══ RECORDS FOR THIS EXERCISE ══

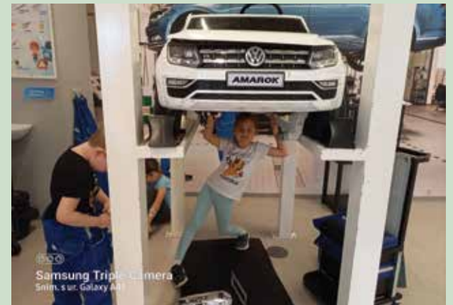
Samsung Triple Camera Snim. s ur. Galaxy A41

═══
══ RECORDS FOR THIS EXERCISE ══

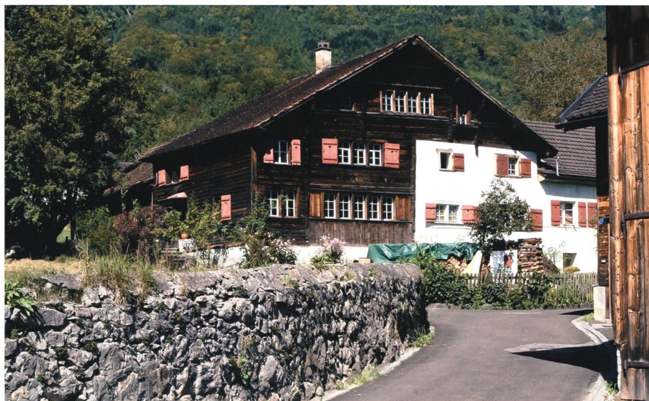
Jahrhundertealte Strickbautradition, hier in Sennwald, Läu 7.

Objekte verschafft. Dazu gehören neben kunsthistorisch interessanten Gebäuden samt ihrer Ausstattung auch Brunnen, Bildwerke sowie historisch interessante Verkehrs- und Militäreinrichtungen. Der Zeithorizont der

═══
══ RECORDS FOR THIS EXERCISE ══

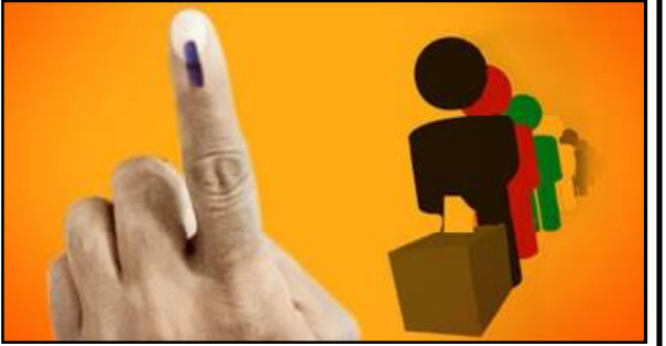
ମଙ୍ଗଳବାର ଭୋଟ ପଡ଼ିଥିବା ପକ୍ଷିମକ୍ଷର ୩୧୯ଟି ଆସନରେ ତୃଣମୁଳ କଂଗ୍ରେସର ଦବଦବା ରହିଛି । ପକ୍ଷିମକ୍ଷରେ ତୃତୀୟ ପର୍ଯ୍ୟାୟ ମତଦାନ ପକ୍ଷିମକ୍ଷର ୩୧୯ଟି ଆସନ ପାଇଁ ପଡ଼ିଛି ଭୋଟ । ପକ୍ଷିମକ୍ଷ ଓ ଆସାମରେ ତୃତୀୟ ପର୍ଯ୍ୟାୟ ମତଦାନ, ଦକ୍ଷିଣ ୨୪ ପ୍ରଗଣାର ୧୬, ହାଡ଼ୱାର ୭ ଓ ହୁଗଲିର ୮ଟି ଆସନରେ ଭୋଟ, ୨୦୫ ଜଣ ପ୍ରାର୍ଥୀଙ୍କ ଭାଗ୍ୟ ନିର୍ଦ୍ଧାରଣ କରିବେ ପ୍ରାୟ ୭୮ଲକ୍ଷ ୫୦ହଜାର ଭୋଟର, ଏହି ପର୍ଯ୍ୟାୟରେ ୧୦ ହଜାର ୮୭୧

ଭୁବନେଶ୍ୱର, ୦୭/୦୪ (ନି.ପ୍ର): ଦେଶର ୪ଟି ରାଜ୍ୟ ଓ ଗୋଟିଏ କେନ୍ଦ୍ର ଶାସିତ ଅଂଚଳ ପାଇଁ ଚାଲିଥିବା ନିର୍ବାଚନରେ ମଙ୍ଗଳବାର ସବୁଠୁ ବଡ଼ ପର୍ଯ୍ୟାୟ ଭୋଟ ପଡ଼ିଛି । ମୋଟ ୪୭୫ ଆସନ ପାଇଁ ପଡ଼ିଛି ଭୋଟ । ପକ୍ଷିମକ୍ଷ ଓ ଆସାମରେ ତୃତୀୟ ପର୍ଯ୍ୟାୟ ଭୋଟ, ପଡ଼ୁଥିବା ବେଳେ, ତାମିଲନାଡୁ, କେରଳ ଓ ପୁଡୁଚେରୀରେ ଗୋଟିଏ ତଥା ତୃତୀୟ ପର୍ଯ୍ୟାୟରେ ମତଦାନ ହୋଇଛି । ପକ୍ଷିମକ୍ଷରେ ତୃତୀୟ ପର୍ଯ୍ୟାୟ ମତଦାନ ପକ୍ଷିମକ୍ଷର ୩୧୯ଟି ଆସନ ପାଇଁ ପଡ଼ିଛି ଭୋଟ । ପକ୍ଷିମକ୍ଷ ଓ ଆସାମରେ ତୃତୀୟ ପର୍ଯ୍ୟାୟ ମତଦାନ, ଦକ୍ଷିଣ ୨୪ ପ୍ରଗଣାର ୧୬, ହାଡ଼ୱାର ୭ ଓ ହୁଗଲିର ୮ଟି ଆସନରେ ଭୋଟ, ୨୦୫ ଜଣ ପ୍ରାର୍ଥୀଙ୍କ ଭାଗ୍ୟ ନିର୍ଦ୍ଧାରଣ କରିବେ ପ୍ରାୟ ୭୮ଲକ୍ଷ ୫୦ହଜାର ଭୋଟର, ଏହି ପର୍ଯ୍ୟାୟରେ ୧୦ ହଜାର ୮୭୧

═══

§ TASK REQUIREMENTS: Could you restate, word for word, the lines above from the one with "ମଙ୍ଗଳବାର ଭୋଟ ପଡ଼ିଥିବା" to the one with "ଭୁବନେଶ୍ୱର, ୦୭/୦୪ (ନି.ପ୍ର): ଦେଶର", both included?

§ SOLUTION TO THIS EXERCISE:
ମଙ୍ଗଳବାର ଭୋଟ ପଡ଼ିଥିବା ପକ୍ଷିମକ୍ଷର ୩୧୯ଟି ଆସନରେ ତୃଣମୁଳ କଂଗ୍ରେସର ଦବଦବା ରହିଛି । ପକ୍ଷିମକ୍ଷରେ ତୃତୀୟ ପର୍ଯ୍ୟାୟ ମତଦାନ ପକ୍ଷିମକ୍ଷର ୩୧୯ଟି ଆସନ ପାଇଁ ପଡ଼ିଛି ଭୋଟ । ପକ୍ଷିମକ୍ଷ ଓ ଆସାମରେ ତୃତୀୟ ପର୍ଯ୍ୟାୟ ମତଦାନ, ଦକ୍ଷିଣ ୨୪ ପ୍ରଗଣାର ୧୬, ହାଡ଼ୱାର ୭ ଓ ହୁଗଲିର ୮ଟି ଆସନରେ ଭୋଟ, ୨୦୫ ଜଣ ପ୍ରାର୍ଥୀଙ୍କ ଭାଗ୍ୟ ନିର୍ଦ୍ଧାରଣ କରିବେ ପ୍ରାୟ ୭୮ଲକ୍ଷ ୫୦ହଜାର ଭୋଟର, ଏହି ପର୍ଯ୍ୟାୟରେ ୧୦ ହଜାର ୮୭୧

ଭୁବନେଶ୍ୱର, ୦୭/୦୪ (ନି.ପ୍ର): ଦେଶର ୪ଟି ରାଜ୍ୟ ଓ ଗୋଟିଏ କେନ୍ଦ୍ର ଶାସିତ ଅଂଚଳ ପାଇଁ ଚାଲିଥିବା ନିର୍ବାଚନରେ ମଙ୍ଗଳବାର ସବୁଠୁ ବଡ଼ ପର୍ଯ୍ୟାୟ ଭୋଟ ପଡ଼ିଛି । ମୋଟ ୪୭୫ ଆସନ ପାଇଁ ପଡ଼ିଛି ଭୋଟ । ପକ୍ଷିମକ୍ଷ ଓ ଆସାମରେ ତୃତୀୟ ପର୍ଯ୍ୟାୟ ଭୋଟ, ପଡ଼ୁଥିବା ବେଳେ, ତାମିଲନାଡୁ, କେରଳ ଓ ପୁଡୁଚେରୀରେ ଗୋଟିଏ ତଥା ତୃତୀୟ ପର୍ଯ୍ୟାୟରେ ମତଦାନ ହୋଇଛି । ପକ୍ଷିମକ୍ଷରେ ତୃତୀୟ ପର୍ଯ୍ୟାୟ ମତଦାନ ପକ୍ଷିମକ୍ଷର ୩୧୯ଟି ଆସନ ପାଇଁ ପଡ଼ିଛି ଭୋଟ । ପକ୍ଷିମକ୍ଷ ଓ ଆସାମରେ ତୃତୀୟ ପର୍ଯ୍ୟାୟ ମତଦାନ, ଦକ୍ଷିଣ ୨୪ ପ୍ରଗଣାର ୧୬, ହାଡ଼ୱାର ୭ ଓ ହୁଗଲିର ୮ଟି ଆସନରେ ଭୋଟ, ୨୦୫ ଜଣ ପ୍ରାର୍ଥୀଙ୍କ ଭାଗ୍ୟ ନିର୍ଦ୍ଧାରଣ କରିବେ ପ୍ରାୟ ୭୮ଲକ୍ଷ ୫୦ହଜାର ଭୋଟର, ଏହି ପର୍ଯ୍ୟାୟରେ ୧୦ ହଜାର ୮୭୧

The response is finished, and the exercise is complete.